King was the leading advocate of the Civil Rights Act of 1964, which forbade “discrimination” based on race, gender, religion—and the list gets longer with the years, as the politically correct lawyers discover new victim groups to “protect.” Libertarians oppose these laws because they violate property rights—and anyway, as Richard Epstein pointed out in an extensive interview in Reason magazine, the alleged beneficiaries gain nothing from the passage of such legislation. I might add that the interviewer at no time challenged Epstein, or accused him of harboring racist sympathies, even though he (Epstein) was advocating the repeal of Martin Luther King’s life work. Apparently the MLK standard of value, wherein one’s attitude to the slain civil rights leader and plagiarist is the moral and ideological yardstick that measures one’s degree (or lack) of “racism,” is selectively applied.

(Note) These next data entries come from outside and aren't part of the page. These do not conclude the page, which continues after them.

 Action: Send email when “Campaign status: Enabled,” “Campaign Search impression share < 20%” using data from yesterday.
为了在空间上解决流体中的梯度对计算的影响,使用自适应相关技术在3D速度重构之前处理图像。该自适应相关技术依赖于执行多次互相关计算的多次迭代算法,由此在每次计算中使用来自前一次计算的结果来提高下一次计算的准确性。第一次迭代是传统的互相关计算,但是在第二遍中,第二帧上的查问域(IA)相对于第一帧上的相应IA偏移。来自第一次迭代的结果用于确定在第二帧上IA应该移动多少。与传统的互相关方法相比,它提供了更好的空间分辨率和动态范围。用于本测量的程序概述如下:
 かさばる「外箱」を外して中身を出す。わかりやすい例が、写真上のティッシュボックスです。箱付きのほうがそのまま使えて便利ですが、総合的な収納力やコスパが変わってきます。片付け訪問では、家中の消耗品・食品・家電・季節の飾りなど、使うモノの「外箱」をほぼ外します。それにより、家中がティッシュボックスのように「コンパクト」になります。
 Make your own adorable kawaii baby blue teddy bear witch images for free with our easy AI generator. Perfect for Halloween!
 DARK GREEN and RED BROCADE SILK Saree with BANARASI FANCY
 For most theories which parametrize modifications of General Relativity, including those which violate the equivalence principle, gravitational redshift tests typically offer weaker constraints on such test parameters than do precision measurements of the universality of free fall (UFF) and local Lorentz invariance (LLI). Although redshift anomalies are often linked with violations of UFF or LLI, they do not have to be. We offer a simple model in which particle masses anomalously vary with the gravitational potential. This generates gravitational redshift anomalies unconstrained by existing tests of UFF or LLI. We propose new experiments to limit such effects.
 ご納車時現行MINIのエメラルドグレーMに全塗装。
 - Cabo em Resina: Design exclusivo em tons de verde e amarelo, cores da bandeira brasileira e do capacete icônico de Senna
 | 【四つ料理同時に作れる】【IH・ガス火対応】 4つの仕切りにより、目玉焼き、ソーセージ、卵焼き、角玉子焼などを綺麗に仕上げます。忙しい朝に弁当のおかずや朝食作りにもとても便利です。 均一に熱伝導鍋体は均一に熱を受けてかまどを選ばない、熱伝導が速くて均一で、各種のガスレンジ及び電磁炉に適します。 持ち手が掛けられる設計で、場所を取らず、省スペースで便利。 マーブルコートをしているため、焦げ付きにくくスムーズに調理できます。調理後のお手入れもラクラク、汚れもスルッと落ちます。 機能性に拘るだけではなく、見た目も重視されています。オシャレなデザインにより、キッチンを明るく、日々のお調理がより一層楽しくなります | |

When it comes to Epstein, and his scholarly and somewhat abstract analysis of the very real harm done by anti-discrimination laws and other “civil rights” legislation, the editors of Reason have been willing to allow discussion, and, more than that, challenge liberal orthodoxy on this question. And I have to say that, having been a reader of Reason since the beginning, I can recall no sympathy for King and his cause while he was still alive. Now we are told that to question or in any way acknowledge the flaws of a complex man—his close association with known Communist Party members, his naïve and quite mistaken economic views, his philandering, deviancy, and human failings—is tantamount to “racism” and “appealing to white resentment.”

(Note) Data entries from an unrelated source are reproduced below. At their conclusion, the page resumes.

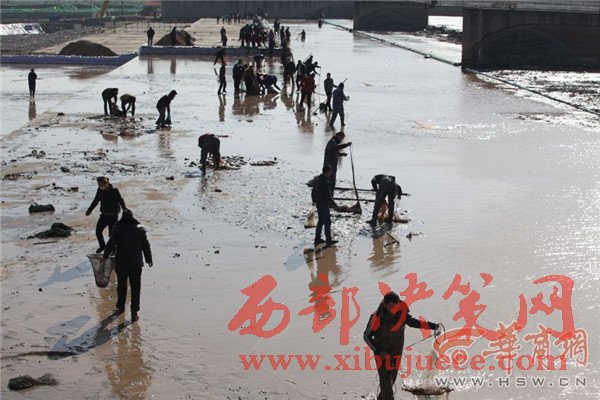 12月27日上午,咸陽(yáng)湖放水剛結(jié)束,渭城橋下瞬間就變成了漁場(chǎng),數(shù)百人在橡膠壩附近撿魚捕魚,有人甚至不顧危險(xiǎn)跑到淤泥里去撈魚。咸陽(yáng)湖管理處工作人員提醒,湖底淤泥情況不明,市民切勿涉險(xiǎn)下湖撈魚,以免發(fā)生不測(cè)。
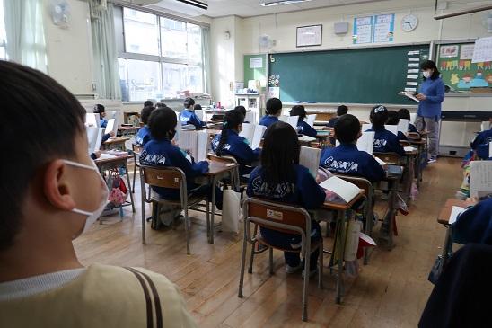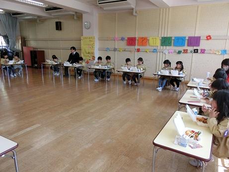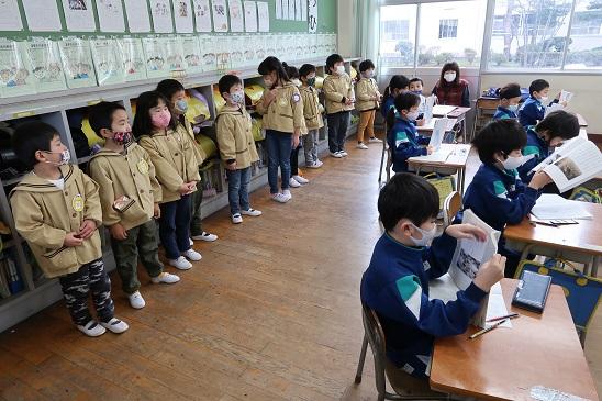 1月28日(木)年長たけのこ組さんは、小学校入学を前に、笹谷小学校の1年生の授業や給食の様子を見学しました。
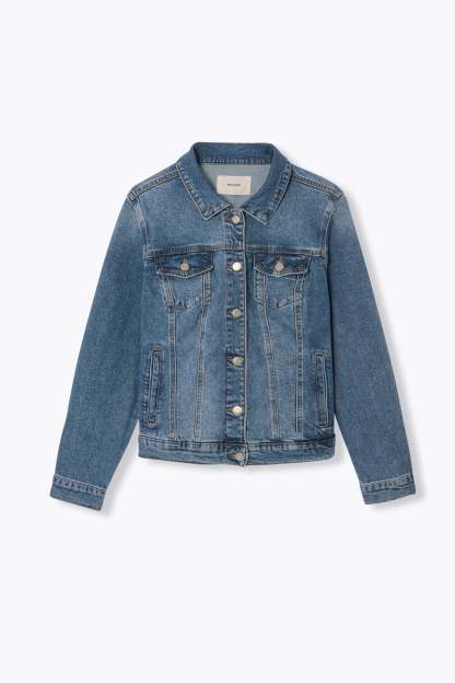 Les puristes du jean sont formelles : le blouson en denim est un must-have, symbole d’authenticité et de durabilité, toutes générations et saisons confondues ! Coupe ajustée légèrement extensible. Col à revers. Ouverture par boutons clou. 2 poches poitrine, 2 poches devant. Manches longues, poignets boutonnés. Base droite. Surpiqûres contrastées. Cette veste femme contient du coton recyclé.
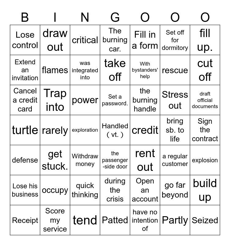 This bingo card has 64 words: in good shape, Sign the contract, clients, Stress out, Withdraw money, Receipt, draw out, Make a reservation, Extend an invitation, Score my service, Set a password., Open an account, Cancel a credit card, Fill in a form, Reschedule a meeting, Set off for dormitory, With bystanders' help, Lose control, Crash into, flames, power, Trap into, The burning car., get stuck., abandon, a regular customer, the passenger -side door, bring sb. to safety, bring sb. to life, Lose his business, face immigration issues, during the crisis, estimate, reveal, was integrated into, draft official documents, go far beyond, exploration, explosion, fill up., take off, cut off, build up, rush out, tend, rescue, turtle, Handled (vt.), the burning handle, Patted, Partly, Seized, rarely, defense, bravery, quick thinking, critical, logical thinking, rent out, occupy, have no intention of, musical instrument, credit and solar energy.
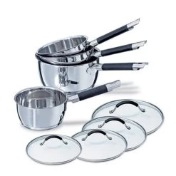 – 4 casseroles d’une capacité de 0,9 – 1,25 – 2 et 2,8 litres et de diamètres 14, 16, 18 et 20.
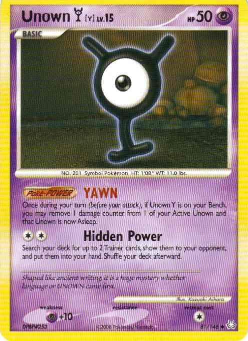 Type | Psychic | Pokemon serie | Legends Awakened | Stadie | Basic | HP | 50.0 | Sjældenhed | Uncommon | Tilbagetrækning | 1.0 | Svaghed | P+10 | Kortnummer | 81 | Evne | [CC] Hidden Power - Search your deck for up to 2 Trainer cards, show them to your opponent, and put them into your hand. Shuffle your deck afterward.

What sanctimonious baloney. Reason is constantly polemicizing against drug laws, quite rightly claiming that their enforcement victimizes blacks and other minorities disproportionately: it’s okay to appeal to black racial resentment—or, rather, white “latte liberal” racial resentment on behalf of blacks—but the reverse is not true. It’s not okay to appeal to white resentment of, say, affirmative action or to debunk the idea of “civil rights” by pointing out that King’s legislative monument, the 1964 Civil Rights Act, was a massive violation of property rights—precisely the sort of big government scheme one would expect the editor of the premier libertarian magazine to oppose.

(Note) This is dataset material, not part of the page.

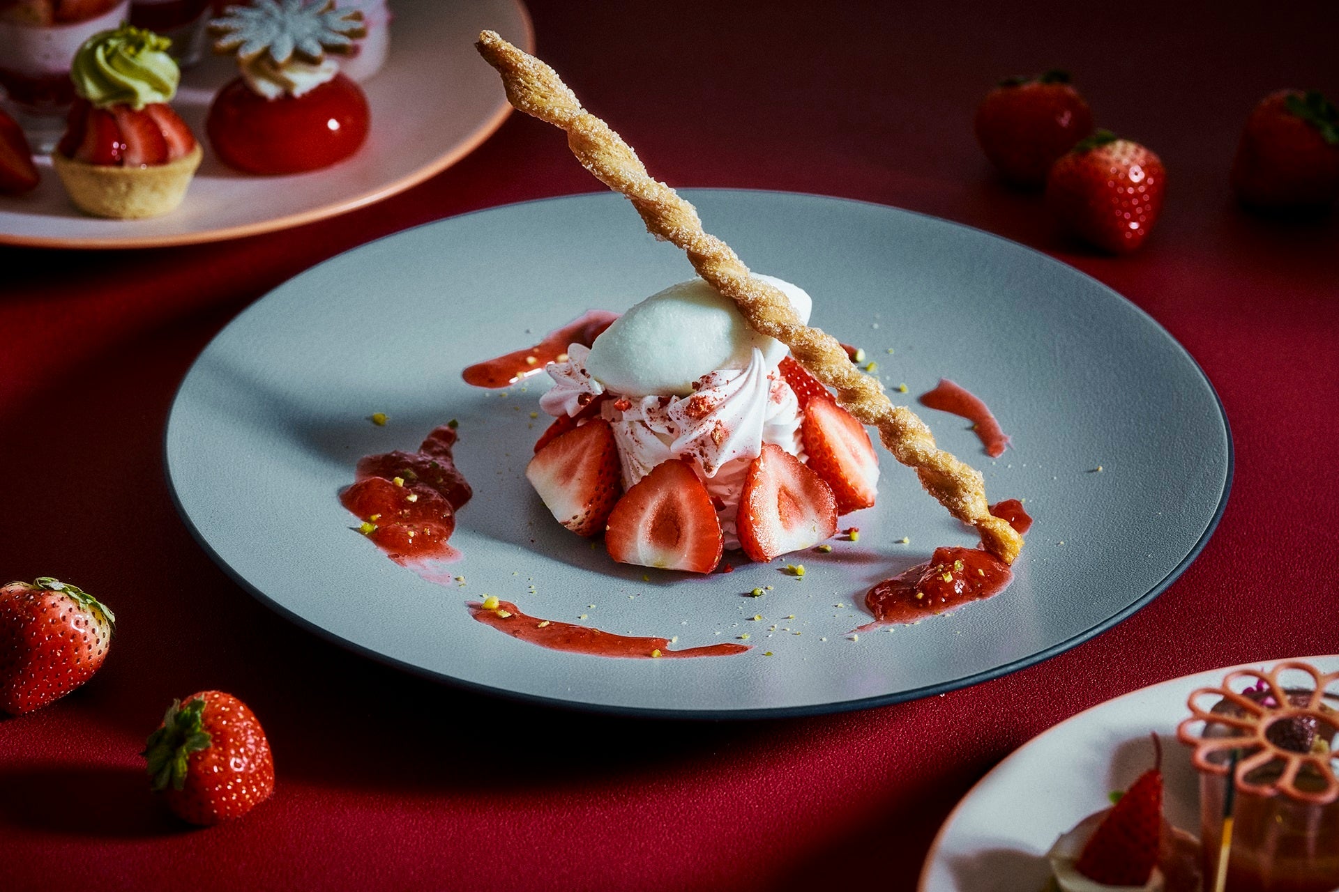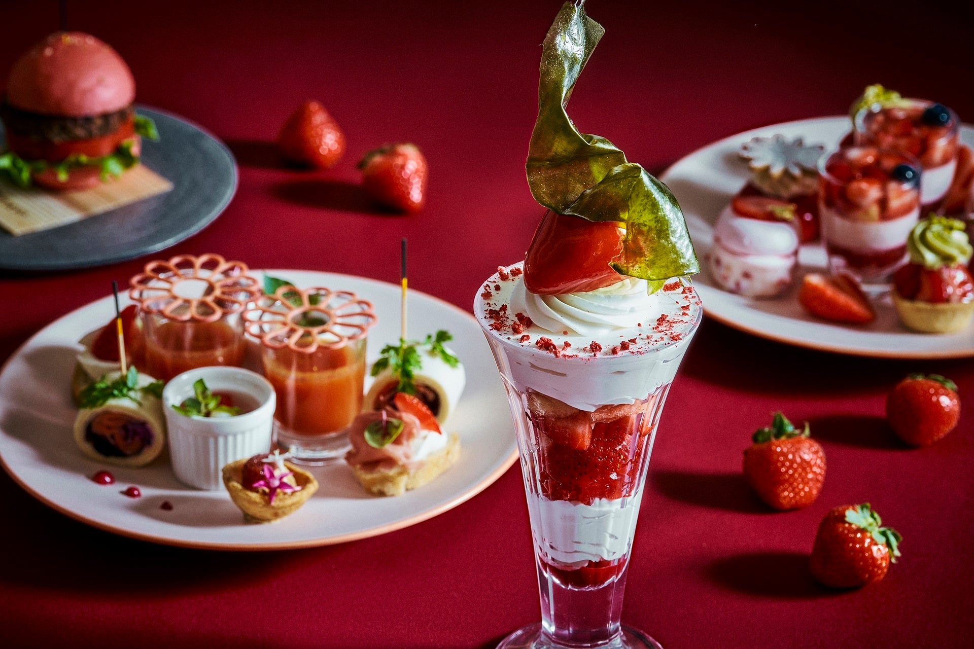 苺の瑞々しさと艶やかさを引き立てる盛り付けを施したメインとなるグランデセールのほか、宝石やドレスを思わせる繊細な美しさを纏った一皿一皿と、シーズナルティーとのペアリング。コース仕立てで提供する当ホテルのアフタヌーンティーだからこその演出と、ホテル最上階の洗練された絶景空間が織りなす“甘美な午後のひととき”をお楽しみいただけます。

On the other hand, Paul’s characterization of King as heroic is not a contradiction, because King himself was contradictory. It is perfectly proper, from a libertarian perspective, to admire the methods of a movement such as, say, Gandhi’s or King’s, without giving unqualified support to the movement’s specific political goals. Yet ideologically, King, like Gandhi, was a mixed bag. Quite aside from campaigning for the 1964 Civil Rights Act, he fought against state-enforced segregation, which regulated private property according to racist strictures – and denied blacks equal access to taxpayer-funded public facilities, including the voting booth.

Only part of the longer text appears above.